Love Actually: Close-Up on Albert Brooks’ "Modern Romance"

Does romance, in its most forbidden, tainted, doomed and fanciful modes, constitute the greatest enduring theme in art?
Michael Pattison

Close-Up is a column that spotlights films now playing on MUBI. Albert Brooks' Modern Romance (1981) is showing February 17 - March 19, 2017 in the United Kingdom in the series The Rom Com Variations. 


She’s out of my life
She’s out of my life
And I don’t know whether to laugh or cry

—Michael Jackson, “She’s Out of My Life”

“cras amet qui numquam amavit
quique amavit cras amet”

The Magus (John Fowles) 

Life comes at you fast. As someone recently on the receiving end of an unexpected breakup, I was a little cool on the idea of watching Albert Brooks’ 1981 film Modern Romance—whose premise was summarized, on the one-sheets at the time, in the following terms: “Robert was madly in love with Mary. Mary was madly in love with Robert. Under the circumstances they did the only thing they could do… they broke up.” But then, in that brutal darkness of heartache, a downbeat thesis bestows energy: re-watching Taylor Hackford’s sorely under-appreciated Proof of Life (2000) two weeks ago, I entertained the thought that romance, in its most forbidden, tainted, doomed and fanciful modes, might constitute the greatest enduring theme in art—and, perhaps, my favorite cinematic subgenre.  

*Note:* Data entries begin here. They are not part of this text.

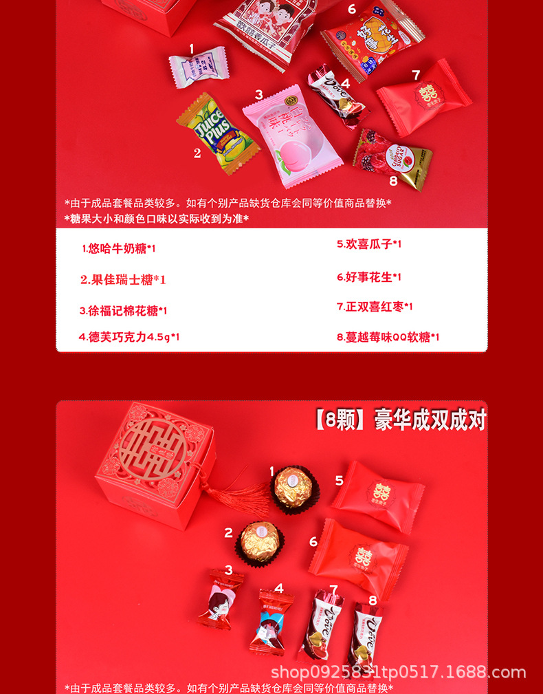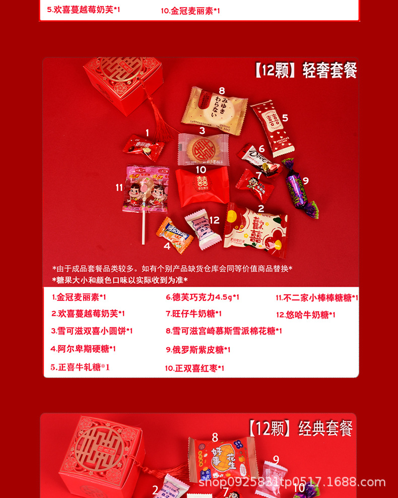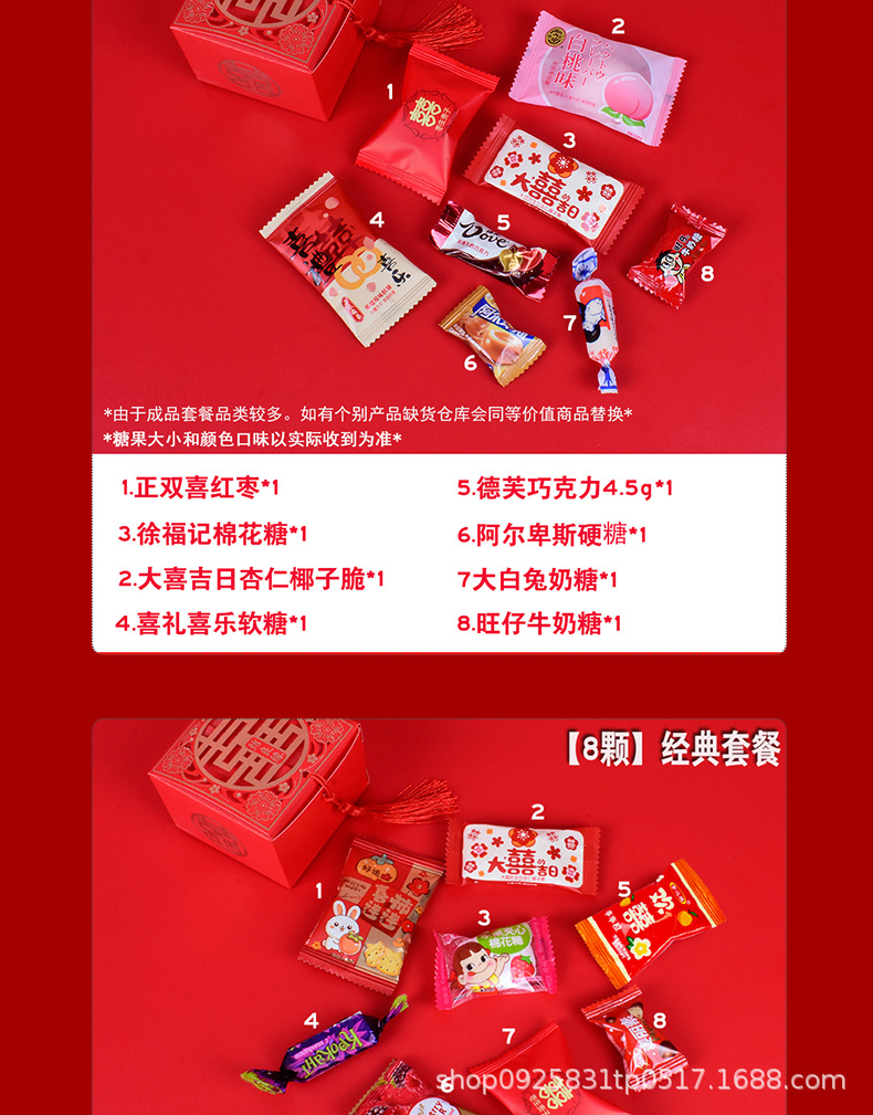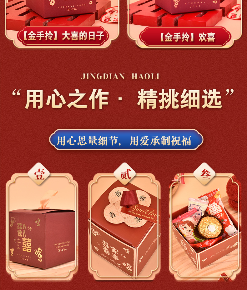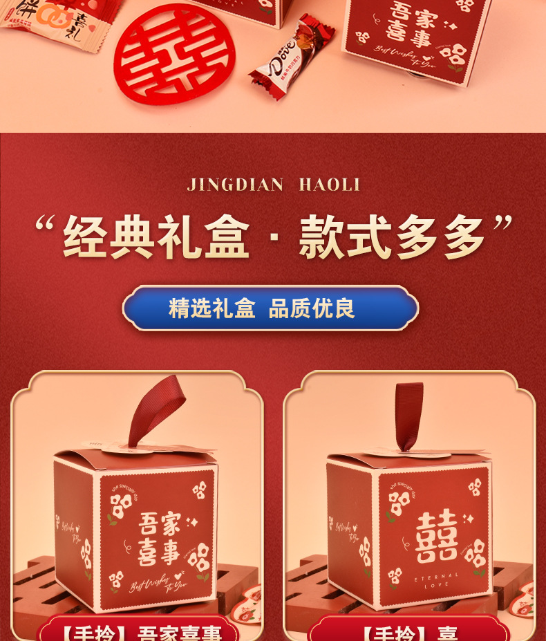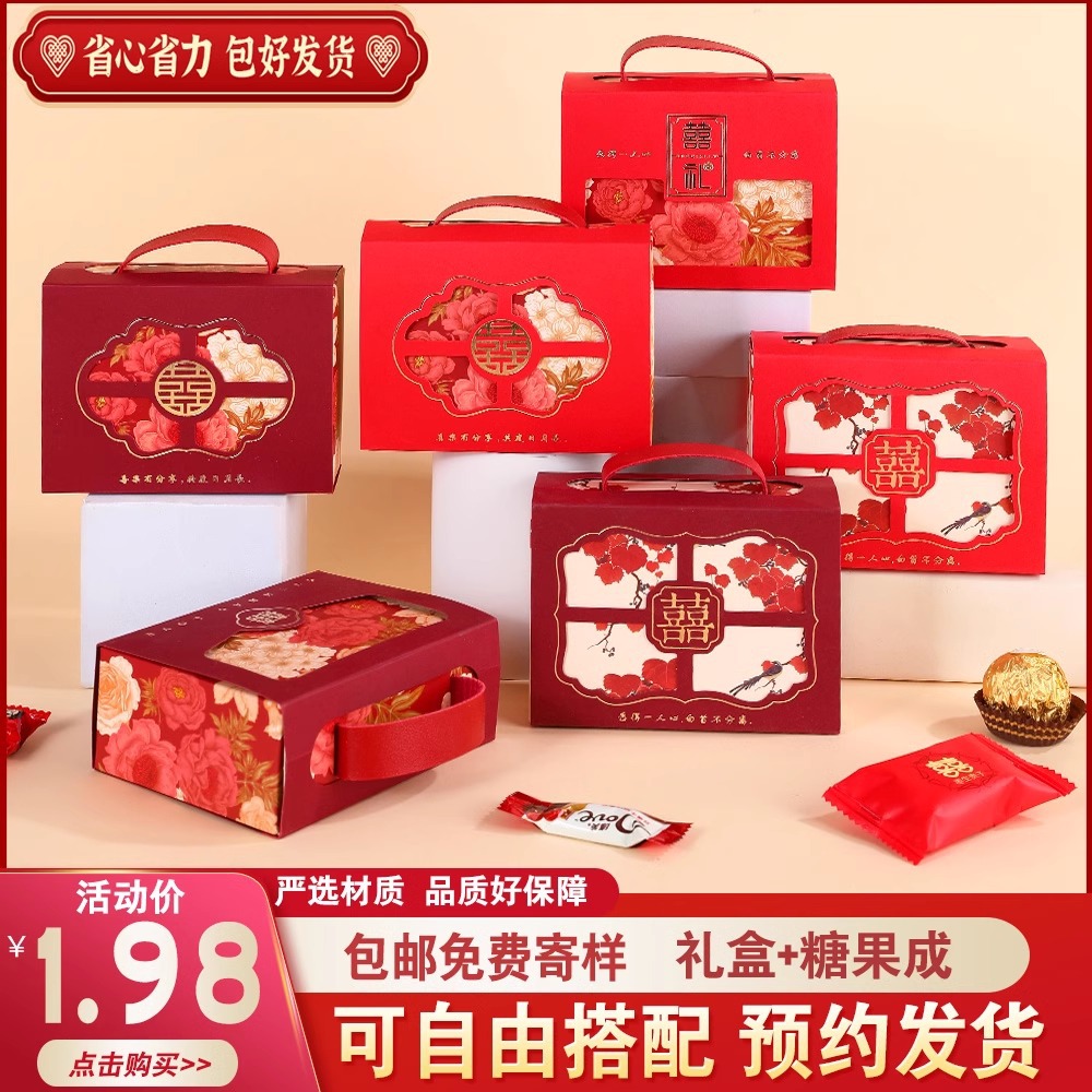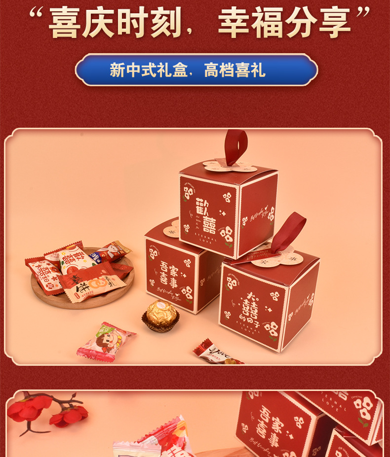 結婚喜糖完成品含糖礼箱中国風結婚式手提げ袋混合チョコレート含糖糖箱包
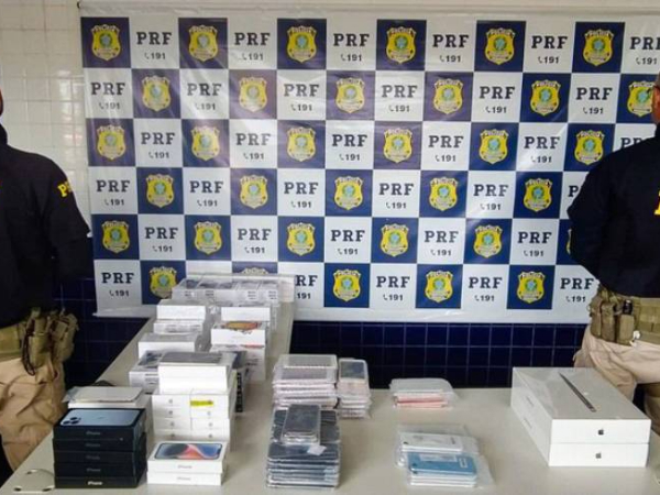 Os policiais estavam realizando fiscalização de rotina quando abordaram um ônibus que vinha de São Paulo com destino ao Ceará. Durante vistoria no compartimento de bagagens, os policiais encontraram 137 smatphones, sendo 100 iphones, 35 redmi e dois poco x4, além de dois macbooks e 30 adaptadores de celular.
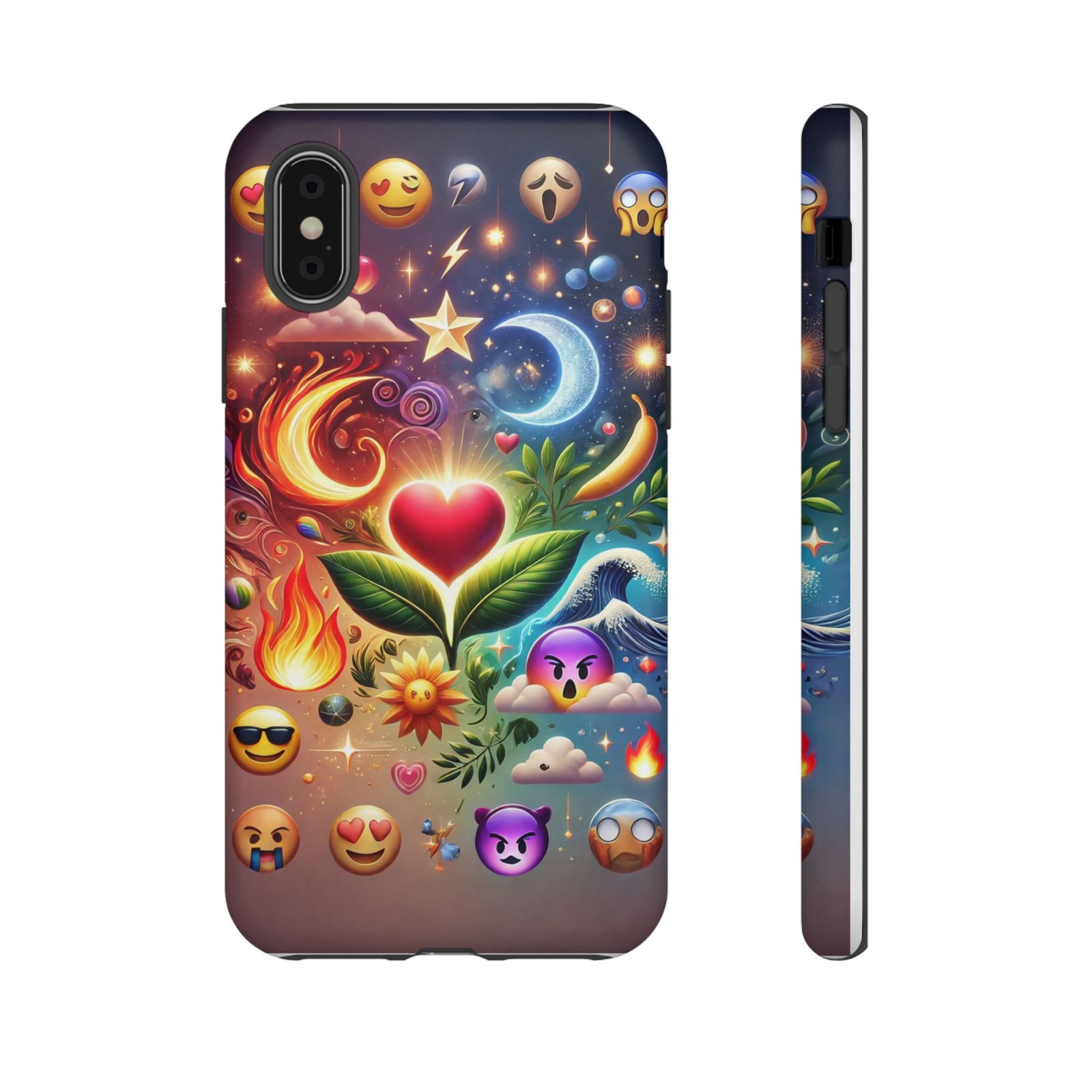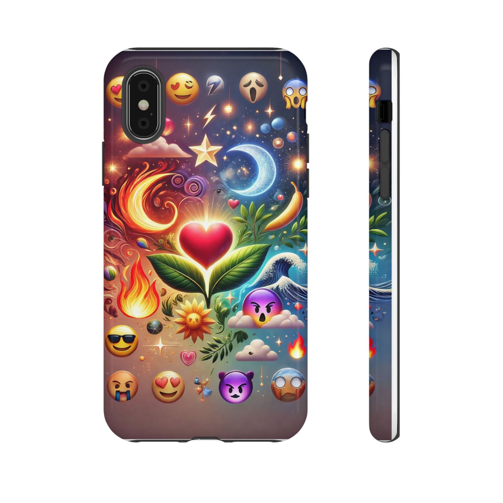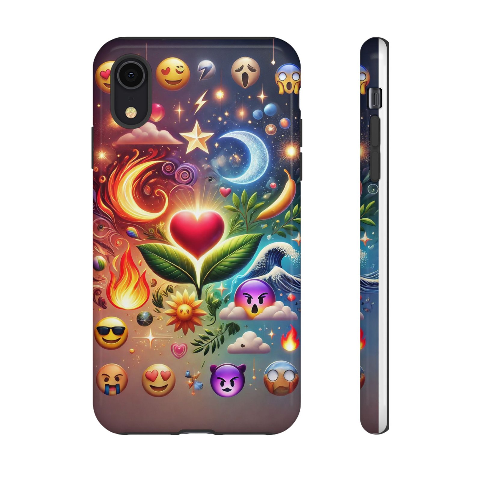 Introducing our vibrant **Phone Case**, designed to bring a splash of color and personality to your daily life. Featuring a stunning mix of emojis, nature motifs, and celestial elements, this phone case radiates positivity and creativity. It’s perfect for those who love to express themselves through unique accessories.

“I’d like to talk,” Bob (Brooks) tells Mary (Kathryn Harrold) in the first scene. That inescapably ominous line: the soft preface to a hard exit. Their relationship has run its course: the diner Bob has chosen for their breakup chat must emit passion on the couple’s behalf, boasting a mise en scène saturated in fifty shades of red—rose-red leather booths, blood-red tumblers, ketchup-red condiment bottles. Though Bob’s shirt is also warmly colored, we might read its checkered pattern as an outward expression of his inner need to assert himself, to ditch someone who no longer fits into life’s rigid, predefined blueprint. After, the deed done, the couple will part in the cold blue of a nocturnal parking lot—a non-place designed for temporary stops.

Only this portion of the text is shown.